Task description:
The entries below should be set down again exactly, with every picture left out.

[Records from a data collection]

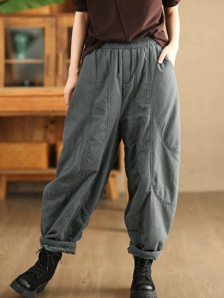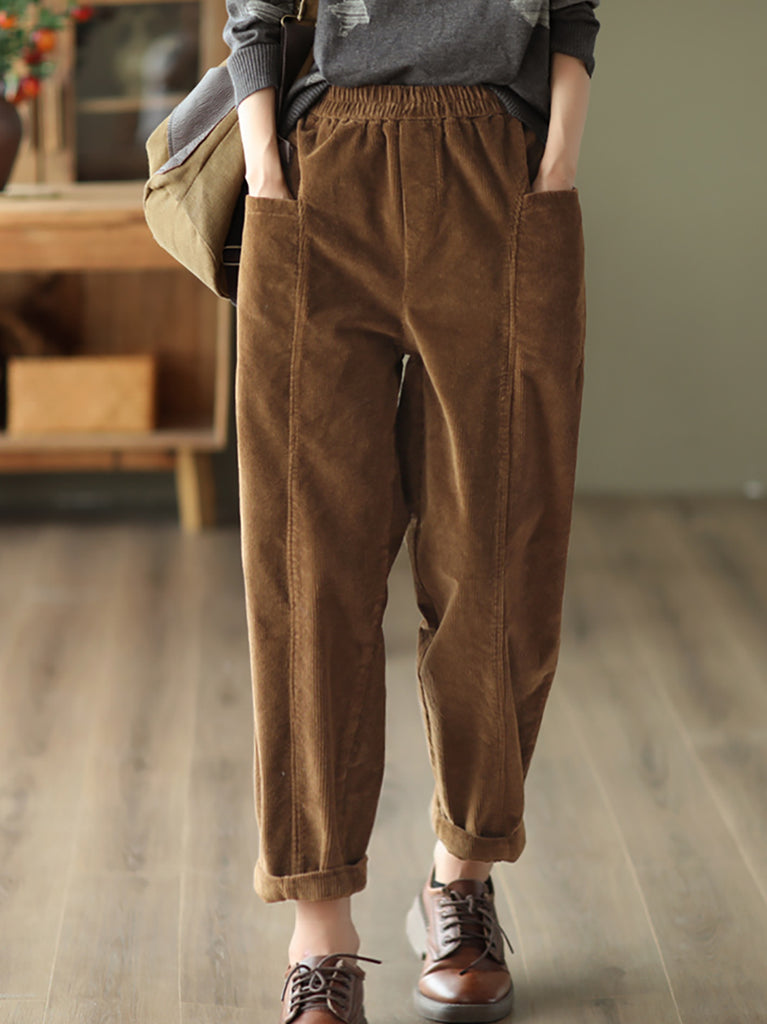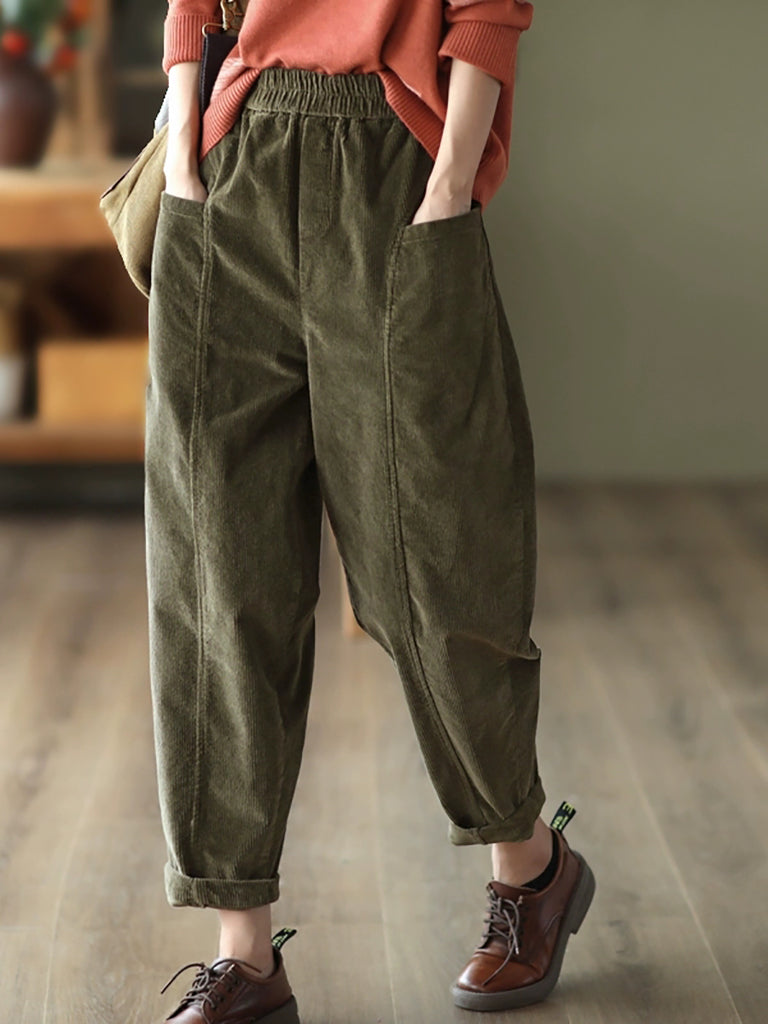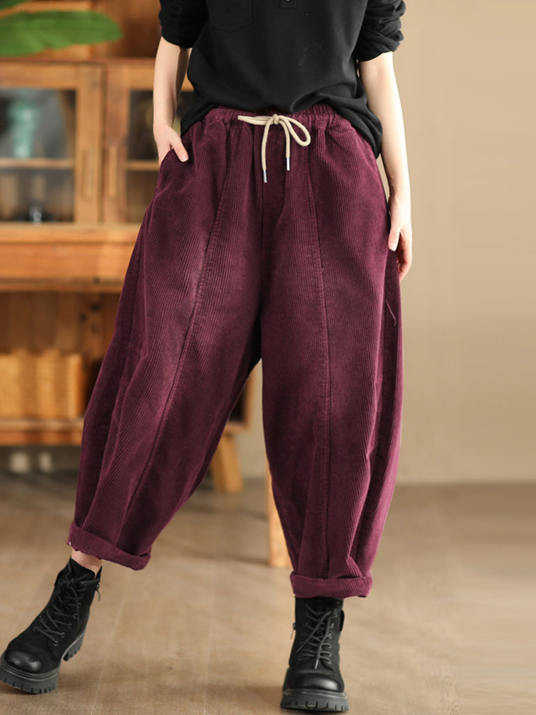 Dame Hรธst Retro Ren Farge Kordflรธyel Harem Bukser
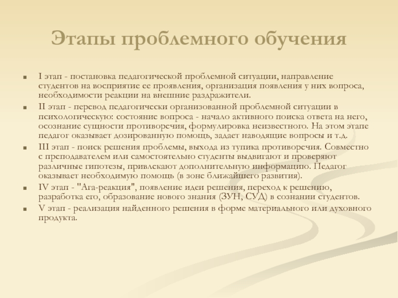 IV этап - "Ага-реакция", появление идеи решения, переход к решению, разработка его, образование нового знания (ЗУН, СУД) в сознании студентов.
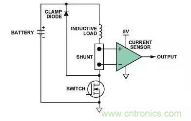 本例將詳細介紹一種典型的高端電流檢測應用。圖1所示為汽車應用環境中用于監控電磁閥或其它感性負載的常見配置。
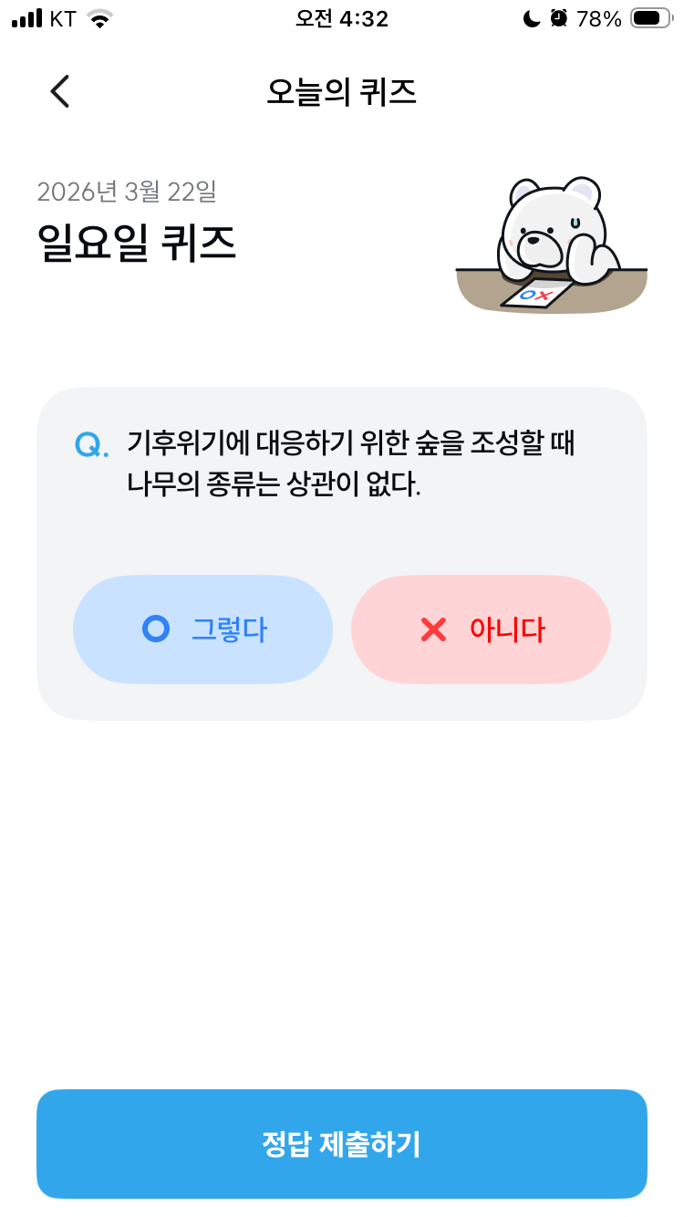 기후동행퀴즈 3월 22일 오늘의 기후행동 퀴즈 정답 문제
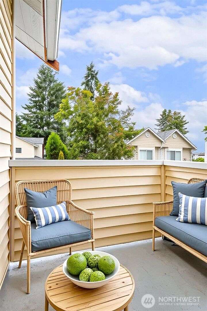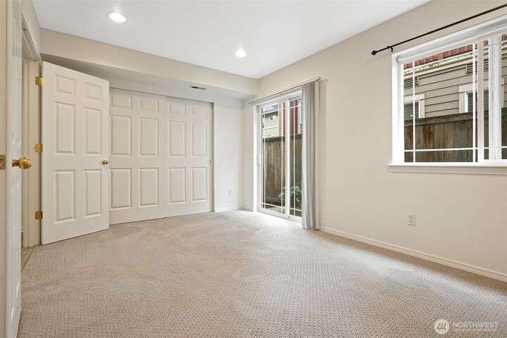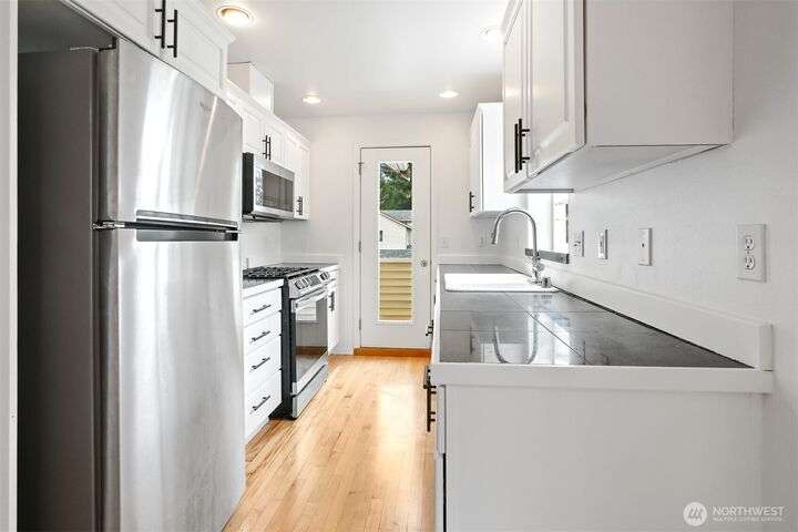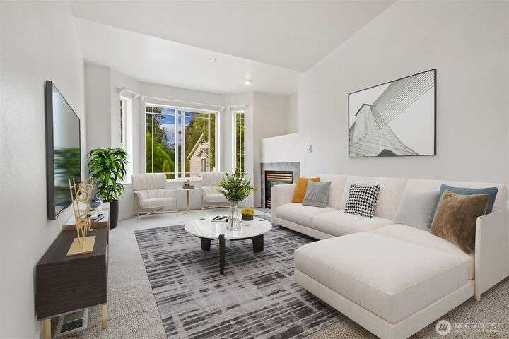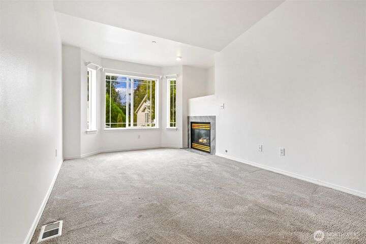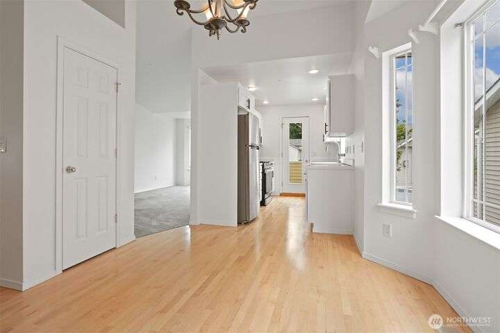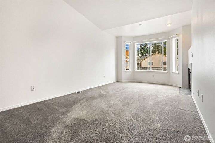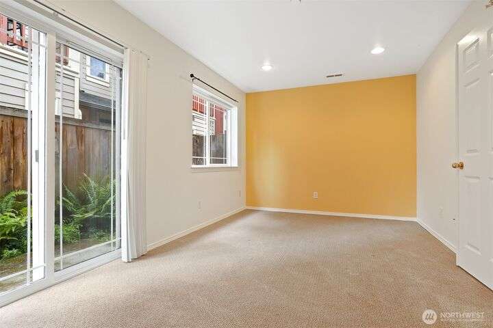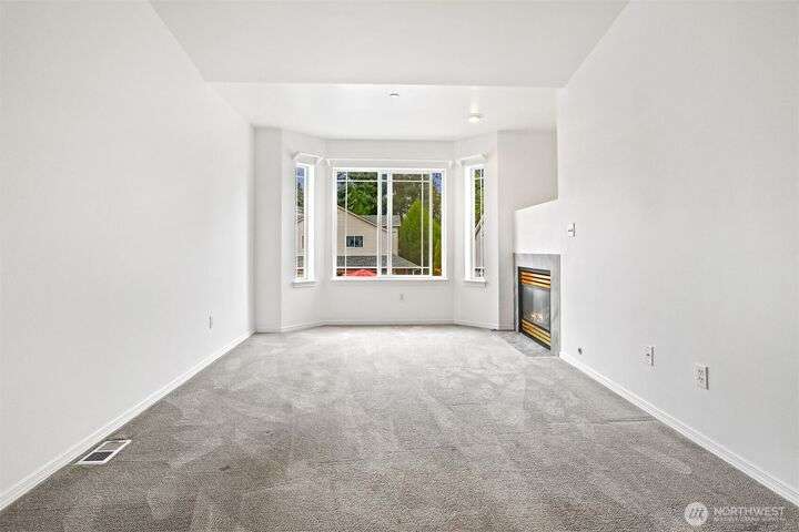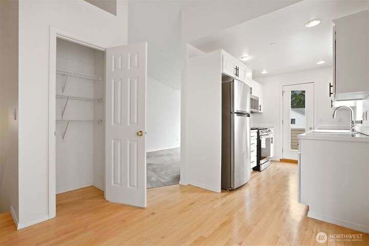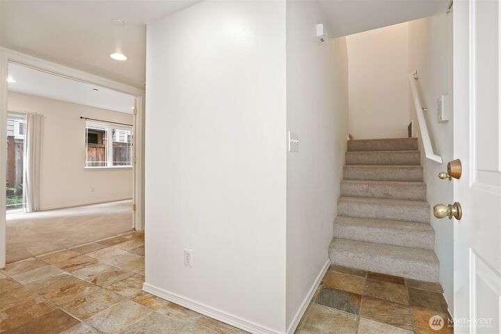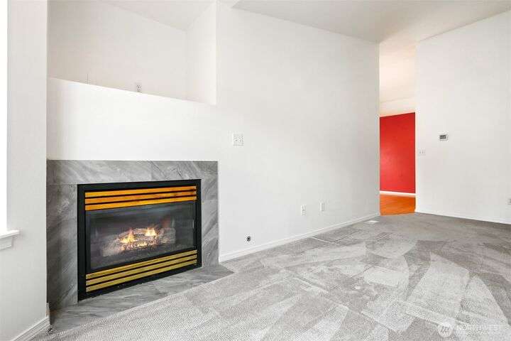 Light-filled, move-in ready townhouse style condo in a quiet community on a dead-end street! The lower level offers a spacious bedroom w/ glass sliders that open to a small yard & patio, a full bathroom & washer/dryer. The upper-level boasts refinished hardwood floors, bay windows, a gas fireplace, dining room, & spacious kitchen w/ gas cooking, & balcony for BBQs. The primary suite includes a walk-in closet & a full bath w/ skylight. Fresh paint throughout, new carpet, new H2O heater, newer furnace & kitchen appliances, 2-car garage w/ additional storage. Low HOA dues & great Shoreline schools. Steps to Interurban Trail. Very close to shops & tons of dining options. Incredibly convenient to 99 & I-5, & the new 148th light rail station.

Answer to the exercise:
 Dame Hรธst Retro Ren Farge Kordflรธyel Harem Bukser
 IV этап - "Ага-реакция", появление идеи решения, переход к решению, разработка его, образование нового знания (ЗУН, СУД) в сознании студентов.
 本例將詳細介紹一種典型的高端電流檢測應用。圖1所示為汽車應用環境中用于監控電磁閥或其它感性負載的常見配置。
 기후동행퀴즈 3월 22일 오늘의 기후행동 퀴즈 정답 문제
 Light-filled, move-in ready townhouse style condo in a quiet community on a dead-end street! The lower level offers a spacious bedroom w/ glass sliders that open to a small yard & patio, a full bathroom & washer/dryer. The upper-level boasts refinished hardwood floors, bay windows, a gas fireplace, dining room, & spacious kitchen w/ gas cooking, & balcony for BBQs. The primary suite includes a walk-in closet & a full bath w/ skylight. Fresh paint throughout, new carpet, new H2O heater, newer furnace & kitchen appliances, 2-car garage w/ additional storage. Low HOA dues & great Shoreline schools. Steps to Interurban Trail. Very close to shops & tons of dining options. Incredibly convenient to 99 & I-5, & the new 148th light rail station.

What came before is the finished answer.